Not because MMLU is a bad benchmark. It is a rigorous one. The problem is that a single benchmark score is a proxy answer to a different question. What you actually need to know is whether the model clears the bar for your specific use case, deployment context, and risk tolerance. That requires a set of measurements (plural) and a defined bar for each one, not a vague intuition about what a good score looks like.
Evaluation-driven development with EvalHub introduced evaluation-driven development (EDD) and showed how evaluation collections operationalize step 1 of the EDD cycle: defining criteria before running experiments. This post goes one level deeper. It covers how to read an existing system collection, understand its threshold logic, and build your own collection that encodes your actual measurement strategy with thresholds that mean something.

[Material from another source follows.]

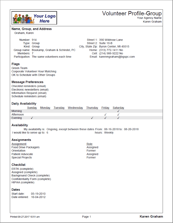 Volunteer Profile Report - Volunteer Profile-Group (stock)¶

The Leaderboard v2 collection is the worked example. It is one of EvalHub's built-in system collections, and its threshold choices are defensible enough to deserve explanation.
This is the fourth post in a series covering how to build a scalable, reproducible AI evaluation infrastructure using the EvalHub project and Red Hat AI. Catch up on the other parts in the series:
- Part 1: How EvalHub manages two-layer Kubernetes control planes
- Part 2: EvalHub: Because "looks good to me" isn't a benchmark
- Part 3: Evaluation-driven development with EvalHub
- Part 4: Understanding evaluation collections in EvalHub
What an evaluation collection actually is
An evaluation collection is a named, versioned artifact that captures three things:
- Which benchmarks to run: Identified by benchmark ID and the provider that executes them
- How to weight them: Numerical weights that determine each benchmark's contribution to the aggregate score
- What thresholds define a pass: Both per-benchmark (individual gates) and collection-level (overall pass criteria)
Collections are stored server-side and referenced by ID in evaluation requests. They are not shell scripts or experiment configurations. Instead, they are first-class EvalHub resources with full CRUD support via the REST API and CLI.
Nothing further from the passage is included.